His latest production, Potomac, overlooking the river of the same name, seats one thousand and requires a supporting cast of more than four hundred chefs, waiters, butchers, and florists, not to mention the Indian tribe in Florida that grows his hearts of palm, or his warehouse staff in New York. "We'll add more as we get bigger," he predicts, sizing up a healthy plateful of linguine and shrimp. Plans are already on the drawing board for a nautical carryout and round-trip boat service to the Kennedy Center, a halfmile downstream. If there's one thing Warner LeRoy has learned after twenty years in food, it's to put everything on the table. Lose your nerve in this business and you're a leftover.
For the great-nephew of movie mogul Jack Warner and the son of director Mervyn LeRoy, glitter is almost second nature. But growing up in Hollywood also taught him a lesson he'll never forget. "My father made The Wizard of Oz when I was four years old. Boy, I spent a lot of time playing on that set. Once, I remember skipping down the Yellow Brick Road and suddenly running right into the backdrop. The actual road was only twenty feet long! The rest was this incredible piece of scenery. I guess that's where I learned the difference between fantasy and reality."
And just in case that didn't do it, Toto did. "I got to keep Toto after they finished the movie.

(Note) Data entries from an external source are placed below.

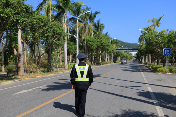 治安工作人员正在学府大道上执勤,不时提醒过往车辆慢速行驶,为师生安全离校、安全度假提供保障。
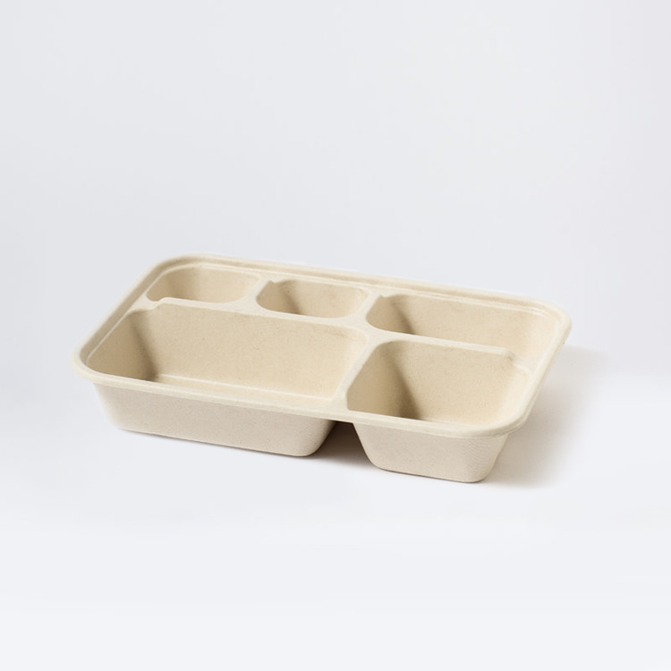 소 700ml / 밀짚 펄프 / 펄프뚜껑+용기 세트 / 일회용 5칸 도시락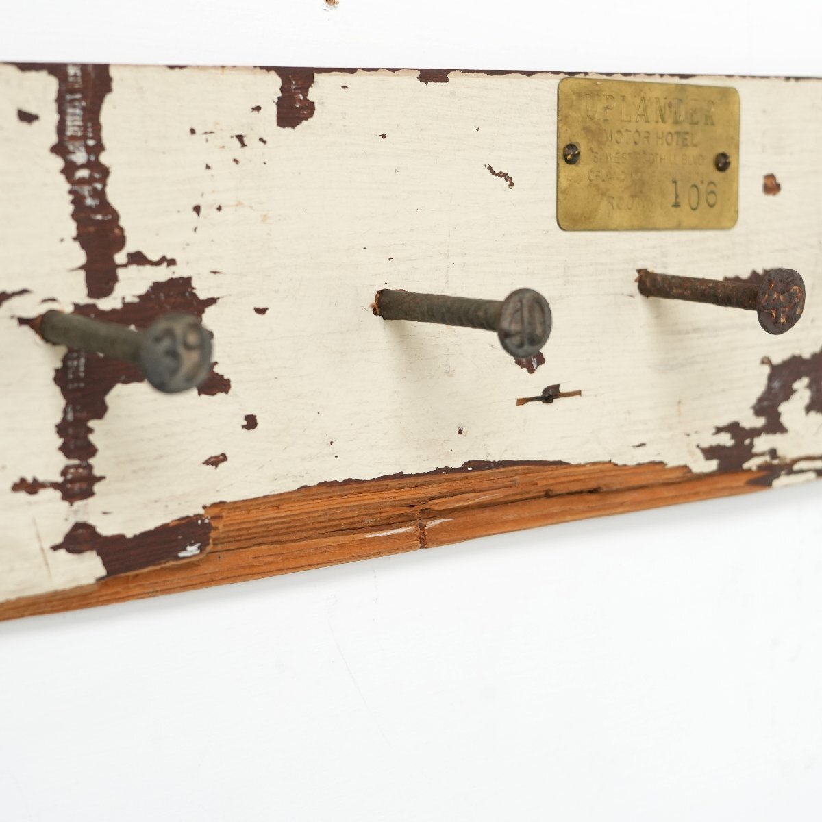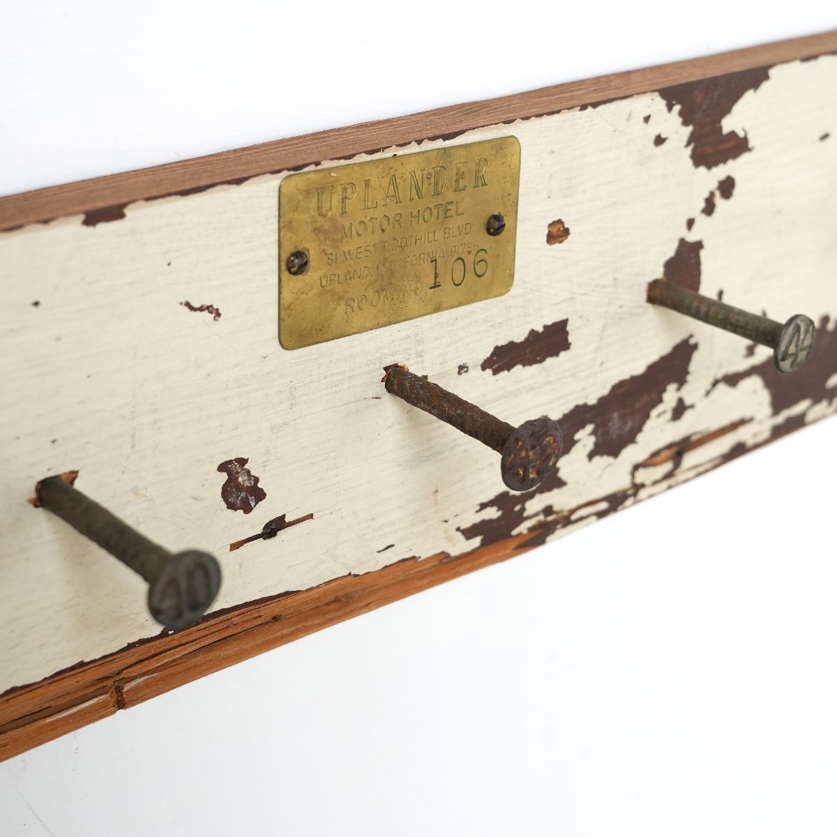 | 商品説明 explanation | 【Uplander Motor Hotel】のヴィンテージ木製7連ウォールフックです。 アメリカ・カリフォルニア州に1958年から1982年頃まで実在していたモーターホテルで、その期間に使用されていたモノだと思われます。 木と金属の質感がよく、お洒落な雰囲気です。 軽いモノの壁掛けや、店舗什器などにいかがでしょうか。 ※キャップは付属しません。 |

He was O.K., I suppose. But I wasn't that crazy about him. In fact, he turned out to be a pretty difficult dog.. . We had to give him away after a couple of years."
So don't think LeRoy, the impresario behind Tavern on the Green and Maxwell's Plum, doesn't know that building an illusion takes a lot of hard work.

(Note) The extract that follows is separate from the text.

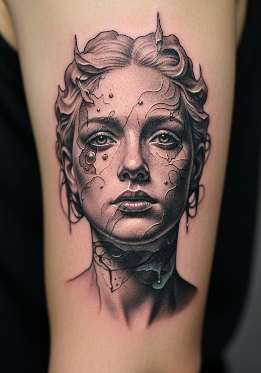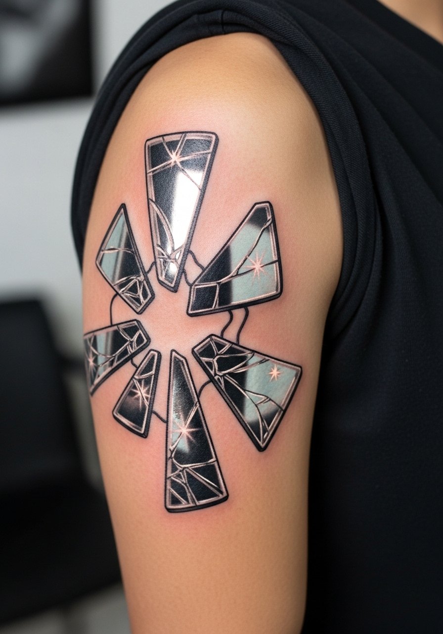 I saw a mirror shard piece that read like a past self. The upper arm is friendly for larger shard pieces. Pain is low. Sessions 1-2 hours. Tell the artist you want distinct highlights that will remain visible after healing. The common mistake is relying on tiny white lines. Those vanish. At six months most highlights mellow. At two years highlights may need restoration. Pick an artist who knows how to balance white with surrounding tone for long-term readability.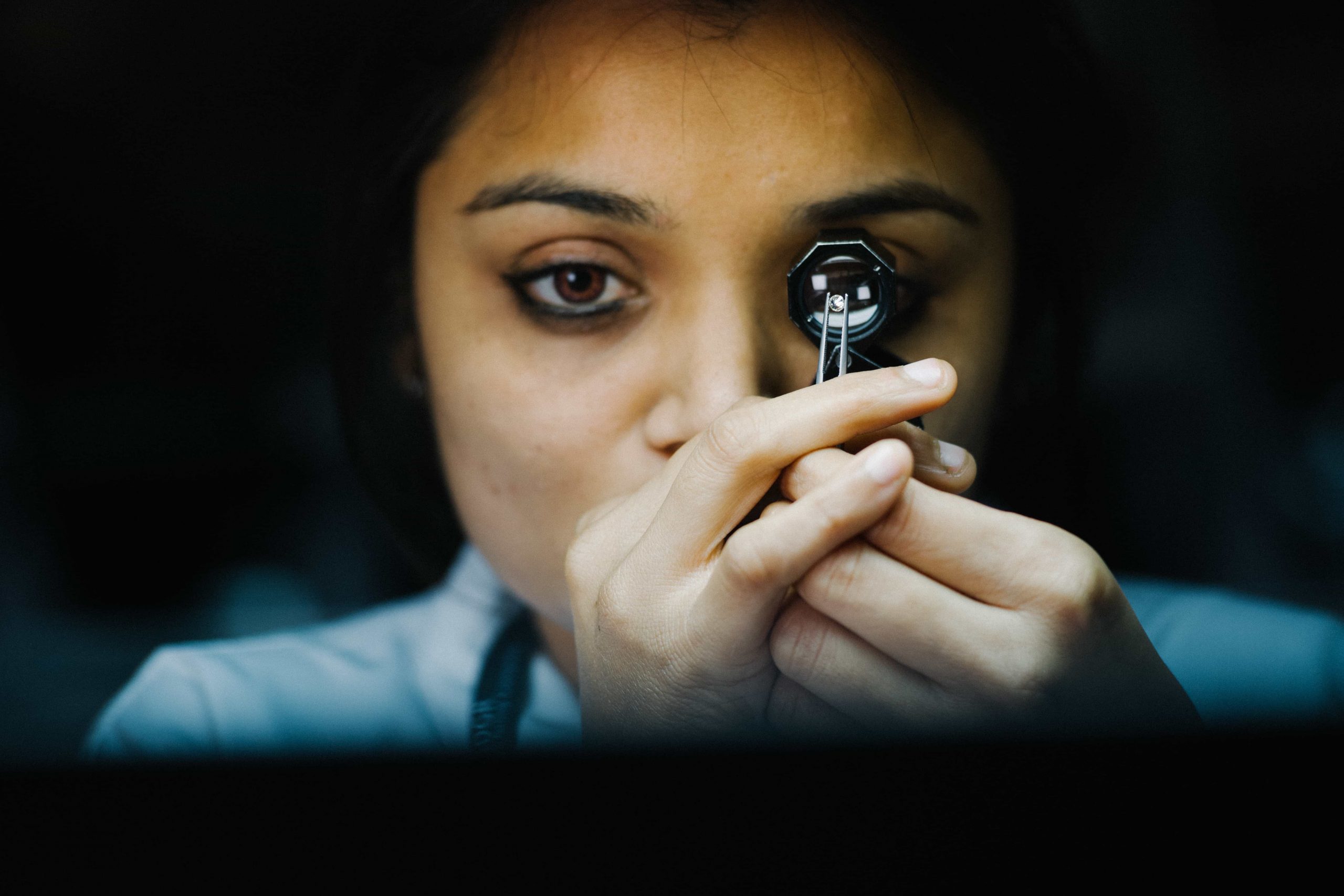 Once a natural diamond has been tested for integrity, it undergoes a rigorous grading process at DBIoD. First, a unique De Beers laboratory automatic colour-grading instrument, known as The Falcon, assesses the diamond’s color and fluorescence. Next, a grader assesses the diamond’s color and cut. Finally, a senior analyst integrates the information from both the instrument and the grader to make the final assessment and issue a formal grading report.

"I started making plans for Potomac five years before it opened. Arthur Cotton Moore was the architect, but I designed the space myself. Everything here is mine. Take the twenty-four crystal chandeliers. These aren't just something you can go out and buy. First you have to design each crystal, which I did. Then you make a steel mold. Then you have to find somebody to cast it. The problem is there's only one man in the world who can do it in color, and he's in Germany. The complexity is unbelievable." Unbelievable is one of Warner LeRoy's favorite words.
"How was your grilled swordfish?" he asks. Before I can answer, we're off for a closer inspection of the main dining room, which could easily pass for Kubla Khan's veranda. "There are 800,000 jewels in the ceilings, all handcast and hand-set. It took two hundred men two months to finish the job. Again, it's all my design." For a moment he admires his creation, as if he's just noticed something in the arrangement of colored stones and glass he's never seen before.

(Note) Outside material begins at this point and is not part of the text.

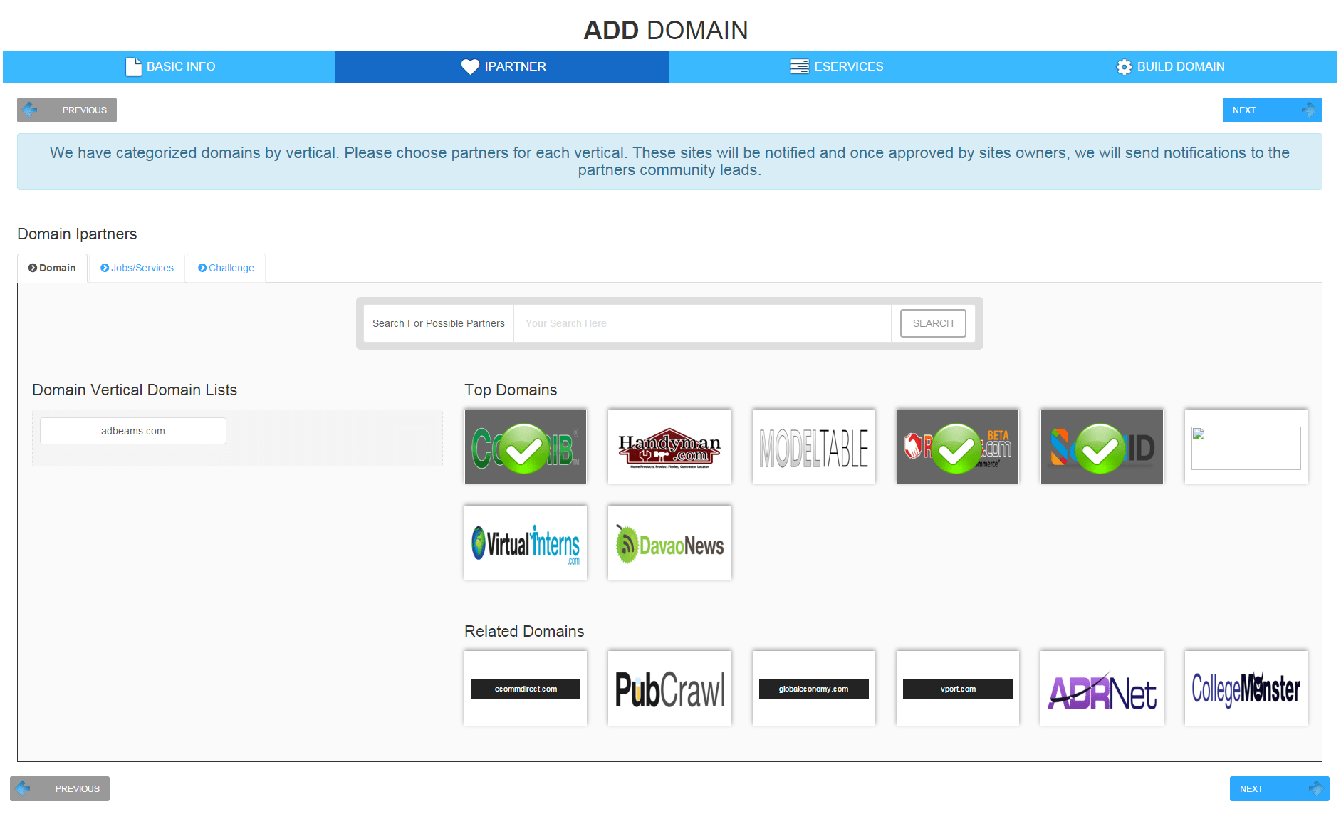 Domains are categorized by vertical. Choose partners for each vertical and these sites will be notified once approved.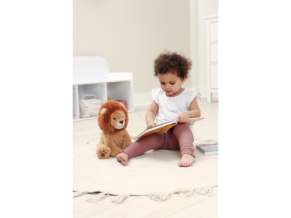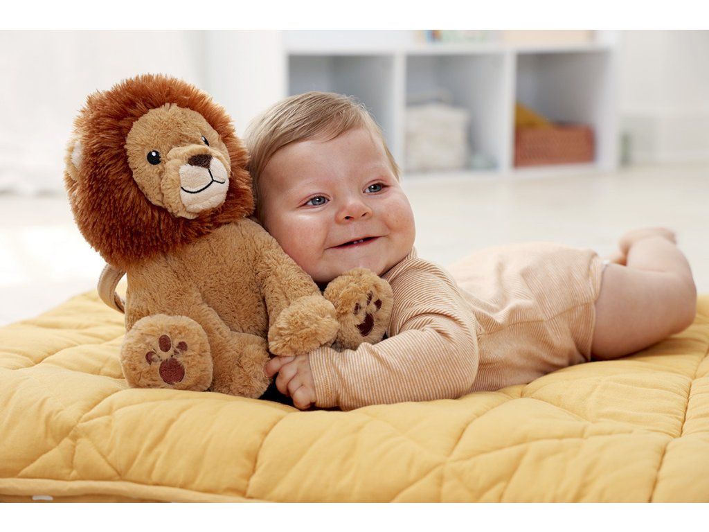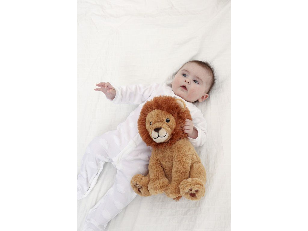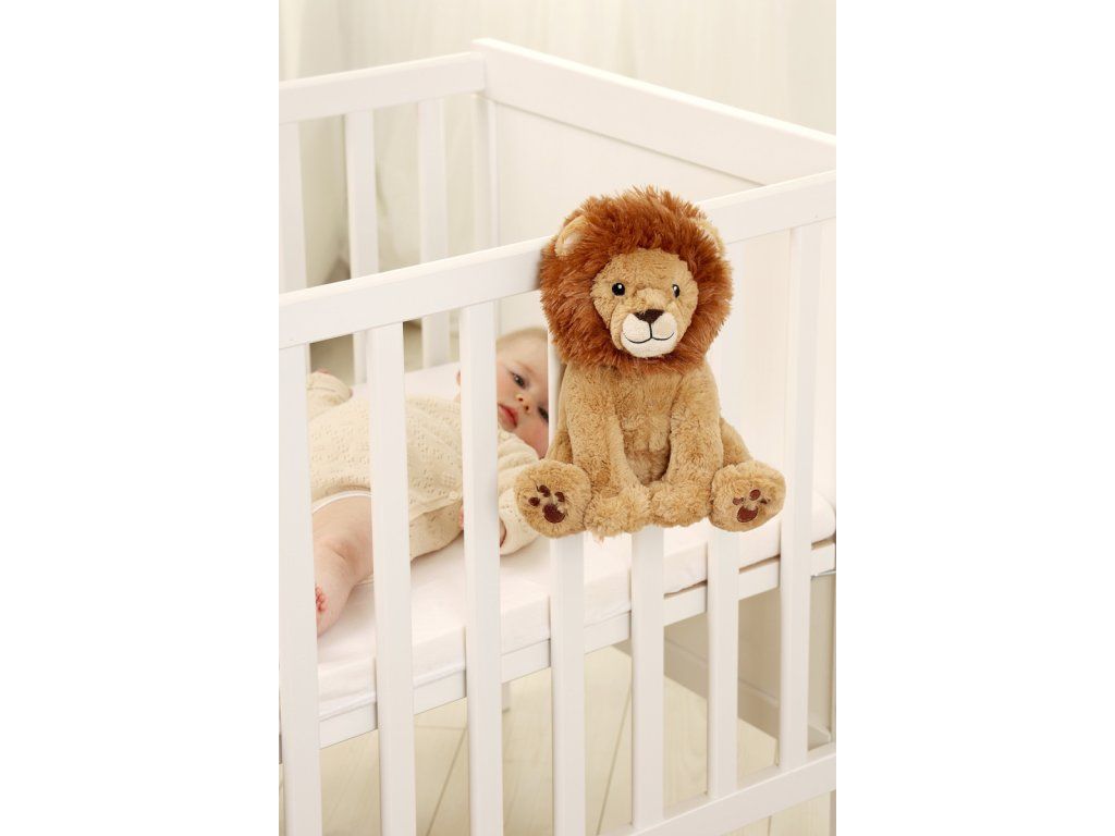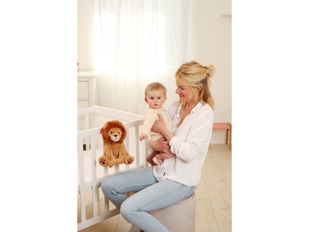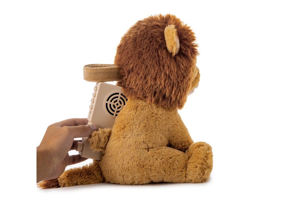 S 8 upokojujúcimi zvukmi a melódiami, z ktoré si môžete vybrať, bude vaše dieťa prevezené do krajiny snov stlačením tlačidla! Lev má tiež zapínanie na suchý zips, vďaka ktorému môžete ľahko pripojiť najnovšieho spoločníka vášho dieťaťa k akejkoľvek postieľke. A keď Lev potrebuje kúpeľ, vyberte reproduktor a hoďte maskota do bielizne.

"The detail is unbelievable. Now look at the floor. There are forty-nine different colors in that carpet. Most carpet companies said you can only do thirty-two. They were wrong. The I reason I wanted forty-nine wasn't ⅞ just to do it, but to get the right shade. Having all those colors is how you get it to look so rich."
The effect he's trying to create, he says, is the feeling of being on an ocean liner. Some critics have carried that idea a little further and suggested that Potomac will be another Titanic.
"I think we're going to surprise a few people. Our operating philosophy is very egalitarian. This is a grand cafe, and a grand cafe, at least my version of one, is a spectacle that's open to everybody. I don't think there's any major stodginess in Washington. People here like to have as much fun as people anywhere. You know, when I opened Great Adventure safari park in New Jersey, the experts said, You can't mix all those animals together, they'll kill one another. Well, they didn't, and it became a tremendous success. Here we're people-mixing, and adding great food. It's the same principle."
LeRoy spends two days a week in Washington, with an eagle eye on his latest great adventure. When his cappuccino fails to pass inspection, it is promptly sent back to the kitchen. "Not enough froth," he tells the waiter. "Try it again." In a few minutes, the embarrassed waiter returns with another cup. "Now, that's more like it," says LeRoy, taking a studious sip. "Ummmm. Yes."